§ **RAW DATA**:
=== Section Start ===
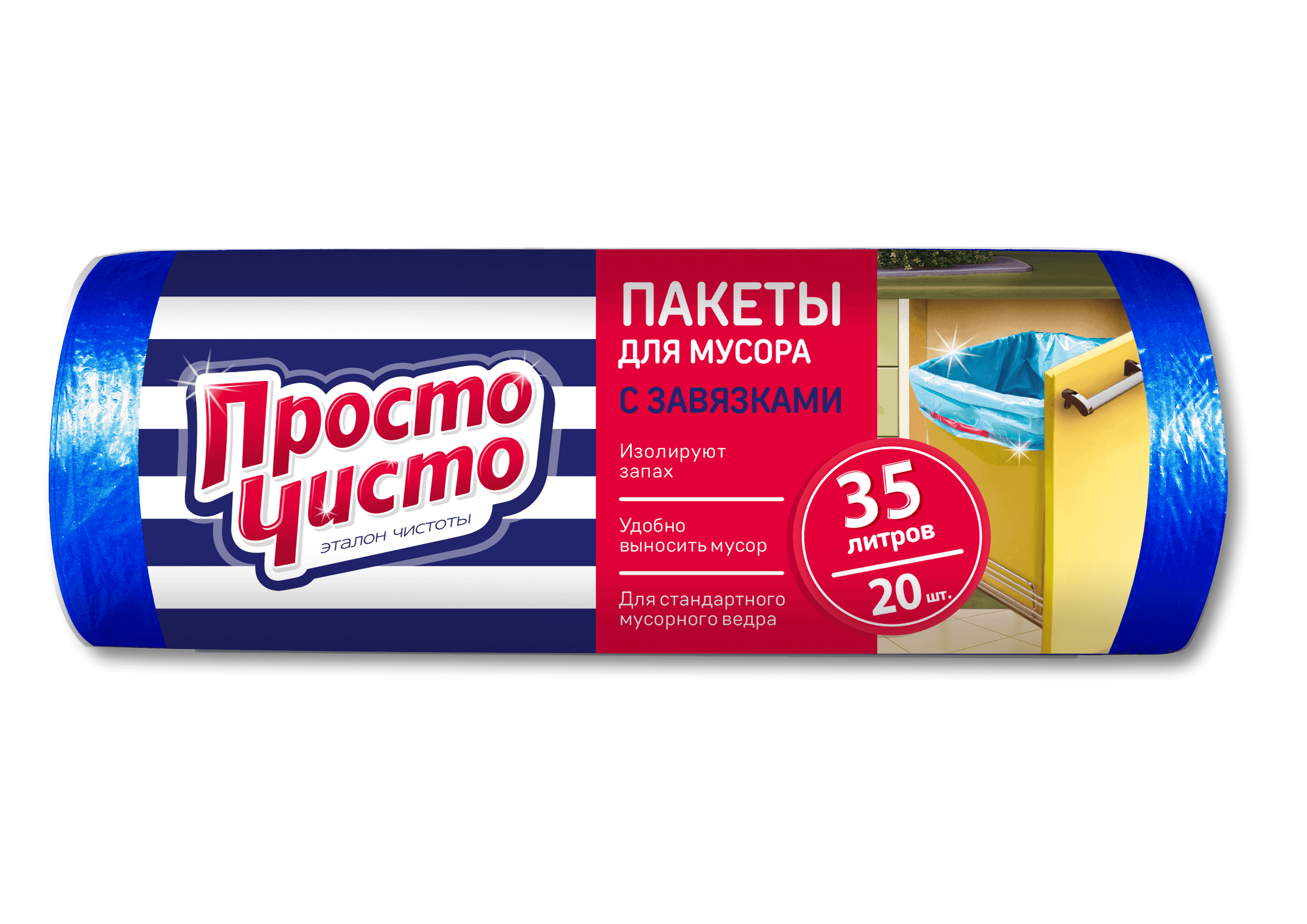 ПРОСТО ЧИСТО Пакеты для мусора с завязками 35л 20шт
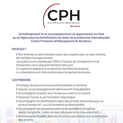 Le document présente le CPH (Centre Provisoire d’Hébergement) du Jura, offrant 50 places d’hébergement pour les bénéficiaires de la protection internationale à Dole et ses environs. Il décrit les missions principales, incluant protection, accompagnement administratif et social, accès à la santé, insertion professionnelle et soutien à la parentalité.
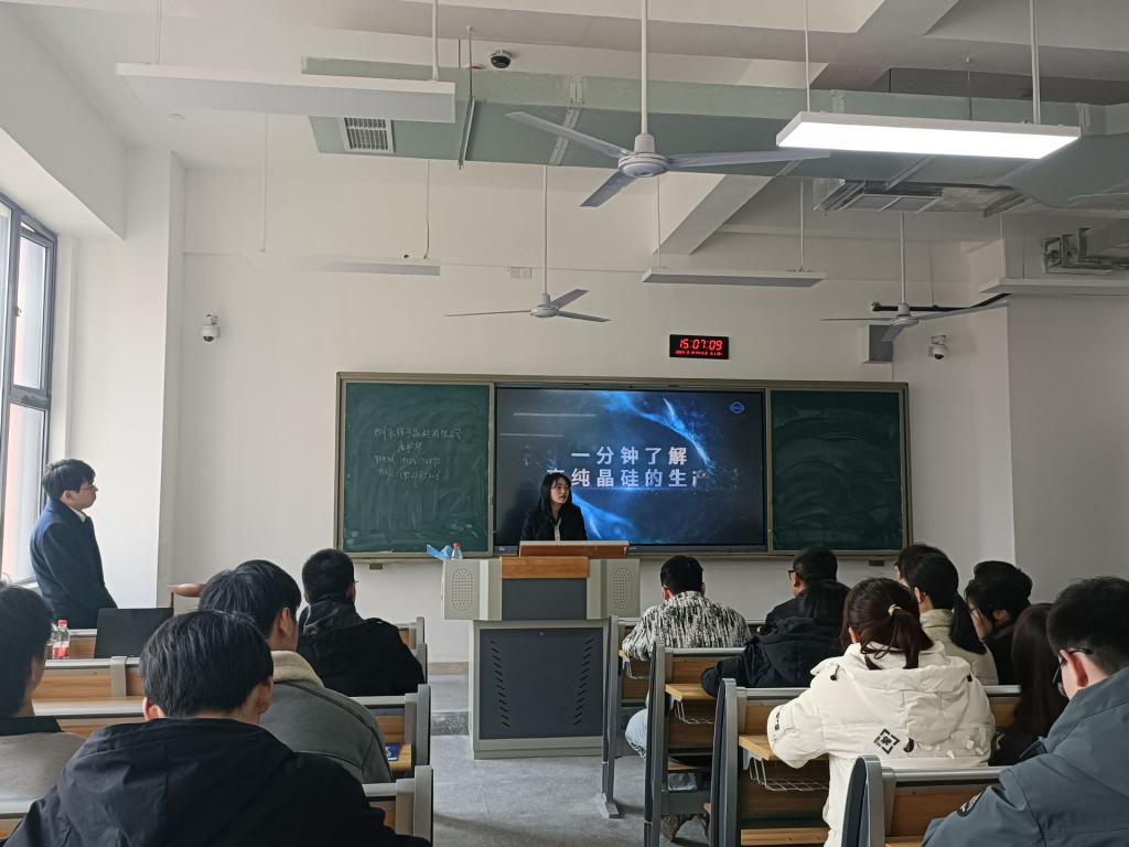 招聘会伊始,招聘经理庞宇琴以视频的形式展示了高纯晶硅的生产过程,并结合PPT向毕业生们介绍了公司培养新人的成长路径图、公司的发展前景等。随后,招聘经理庞宇琴向毕业生们播放了该公司的“朝阳计划”集训视频,同学们热情高涨。此次招聘主要针对应用化学和化学工程与工艺专业。英国威廉集团官网2019级优秀毕业生曾伟学长结合在该公司的成长经历为同学们答疑解惑,现场气氛和谐融洽。
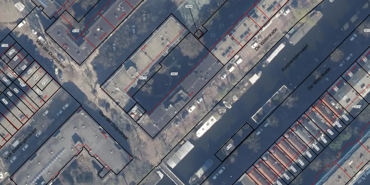 Het perceel waarop De Wittenkade 60 staat heeft een oppervlakte van 1292 m². Dit is een zeer groot perceel. De perceeloppervlakte wordt geregistreerd door het Kadaster. Gedetailleerde informatie over de maten van dit perceel kunt u vinden in het rapport Kadastrale kaart met maatvoering van De Wittenkade 60.
=== Section End ===
§ **ABOUT THIS TASK**:
Set the listing down in full and exactly. Pictures within it should not appear in the copy.

§ **SOLUTION TO THIS EXERCISE**:
 ПРОСТО ЧИСТО Пакеты для мусора с завязками 35л 20шт
 Le document présente le CPH (Centre Provisoire d’Hébergement) du Jura, offrant 50 places d’hébergement pour les bénéficiaires de la protection internationale à Dole et ses environs. Il décrit les missions principales, incluant protection, accompagnement administratif et social, accès à la santé, insertion professionnelle et soutien à la parentalité.
 招聘会伊始,招聘经理庞宇琴以视频的形式展示了高纯晶硅的生产过程,并结合PPT向毕业生们介绍了公司培养新人的成长路径图、公司的发展前景等。随后,招聘经理庞宇琴向毕业生们播放了该公司的“朝阳计划”集训视频,同学们热情高涨。此次招聘主要针对应用化学和化学工程与工艺专业。英国威廉集团官网2019级优秀毕业生曾伟学长结合在该公司的成长经历为同学们答疑解惑,现场气氛和谐融洽。
 Het perceel waarop De Wittenkade 60 staat heeft een oppervlakte van 1292 m². Dit is een zeer groot perceel. De perceeloppervlakte wordt geregistreerd door het Kadaster. Gedetailleerde informatie over de maten van dit perceel kunt u vinden in het rapport Kadastrale kaart met maatvoering van De Wittenkade 60.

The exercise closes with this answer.